The silent paint remover can also be seen at:http://www.silentpaintremover.comI've had one for over a year now and it works great.
Renaissance RestorationsAntique & Victorian Home Restoration Serviceshttp://www.renaissancerestorations.com
I went to the Silent Paint Remover site. What an interesting product! I love the hands free idea. It seems to be a real cool tool. I might have to see about renting it and giving it a "test drive." The other interesting thing I read was the chemical stripper that works by breaking the bond between the paint and the substrate. The guy just sprayed it on the siding in the late afternoon and it scraped off easily the next morning. Probably sort of expensive, but also an alternative as they didn't have to worry about fumes, dust, noise, etc. I think I read that from a link on the Silent Paint Remover page which went to This Old House and an article on paint removal.

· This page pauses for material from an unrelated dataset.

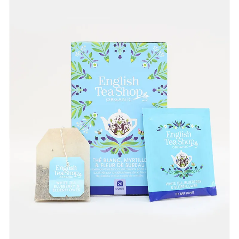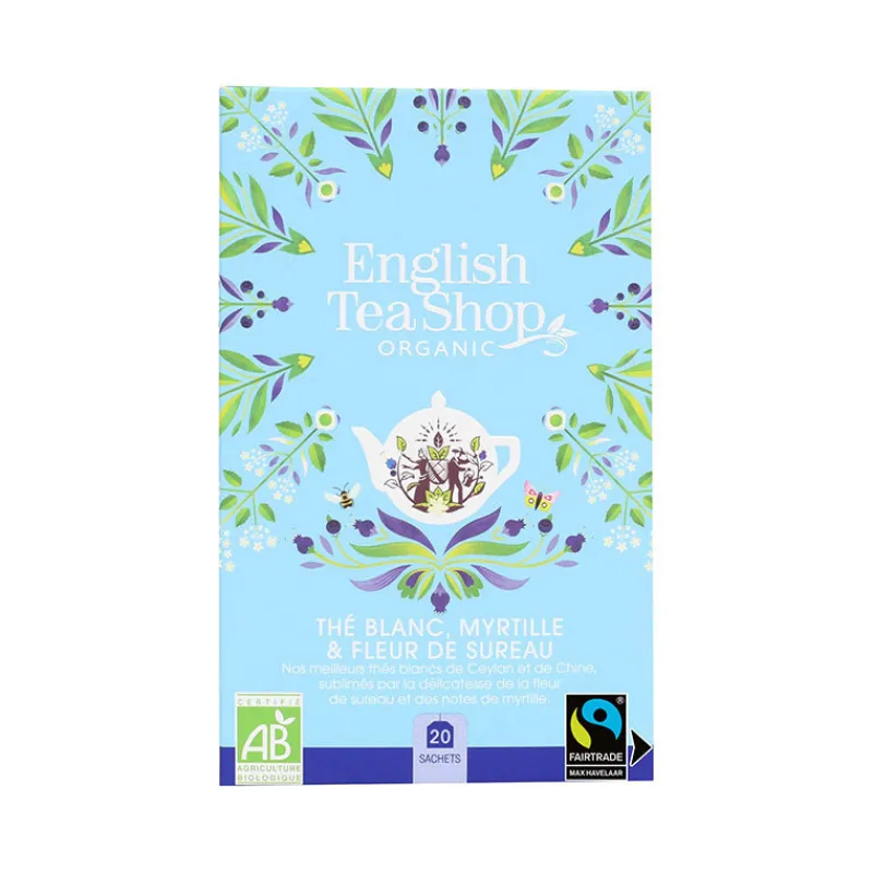 Ce Thé Blanc Bio Myrtille et Fleur de Sureau de la marque English Tea Shop vous séduira si vous aimez les boissons légères et douces.

I really appreciate how everyone in this forum is so helpful and shares their experiences! Thanks again.
Thanks so much! I will check it out.
Have you tried RainX on the goggles? They also have something to minimize fogging on windshields.
"I cut this piece four times and it's still too short."

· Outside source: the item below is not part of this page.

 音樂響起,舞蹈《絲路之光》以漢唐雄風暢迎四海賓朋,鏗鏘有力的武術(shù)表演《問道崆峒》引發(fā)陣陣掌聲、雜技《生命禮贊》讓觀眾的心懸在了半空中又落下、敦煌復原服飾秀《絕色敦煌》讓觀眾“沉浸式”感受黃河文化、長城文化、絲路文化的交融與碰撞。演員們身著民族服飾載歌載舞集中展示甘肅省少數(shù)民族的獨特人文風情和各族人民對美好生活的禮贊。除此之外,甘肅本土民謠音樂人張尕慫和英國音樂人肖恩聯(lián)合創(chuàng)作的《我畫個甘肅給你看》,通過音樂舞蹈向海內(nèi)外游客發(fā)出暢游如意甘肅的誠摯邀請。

Great idea! I will try it. Thanks again.
Woodcraft sells a dust mask for woodworkers that does not fog your glasses...honest...only downside is that it is pricey, about $40...but it does work and it can be rinsed out and used again when it gets dirty. I bought one for use in my shop and don't regret it.

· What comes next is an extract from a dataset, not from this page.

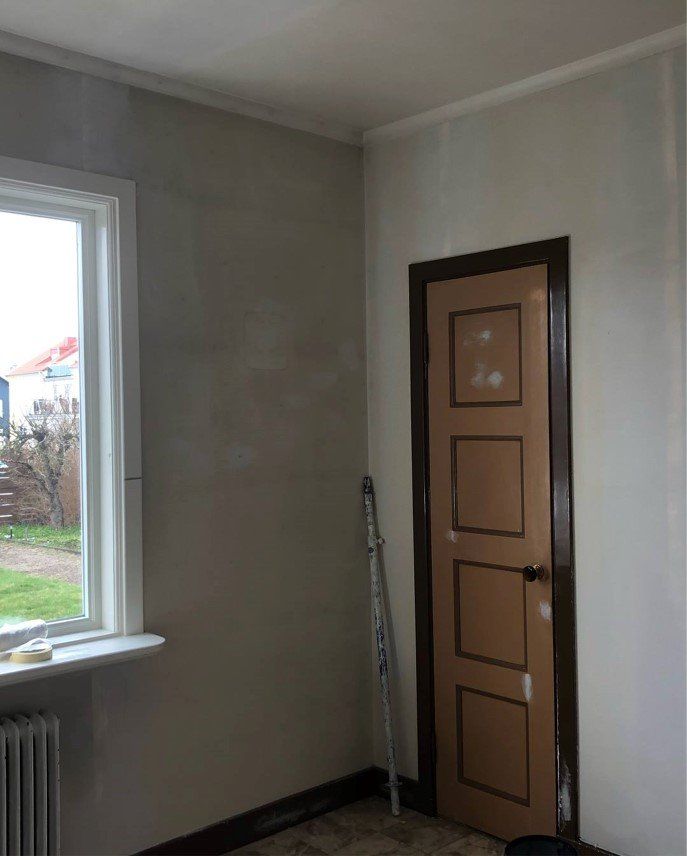 I detta sovrum ville kunden få bort strukturtapeten från väggar och dörrar och i stället få dem målade.

of dust masks and foggey lenses..... i went to a concrete supplier and got a box of dust masks with a rubber flapper valve in the front. the moiste air that you exhale is supposed to push that flapper open and get out that way.
but the safey glasses still fogged up. so i went to a paint ball store and bought the stuff they use for their masks. i also went to a sports store and bought the stuff for swimmer's goggles. both helped too.
but the cheapest route, which i haven't tried yet, is just plain old dishwashing soap. supposedly, its what surgeons do for their glasses. put a few drops on each lens, rub and rinse off.
a dryer sheet rubbed on the lenses will also help keep dust from sticking to them also.
How about ski goggles? The vents are usually covered with foam - that will keep the dust out and they don't cover the nose so they don't fog... FWIW you can buy perscription goggles too... Mark
Measure it with a micrometer, mark it with chalk, cut it with an ax.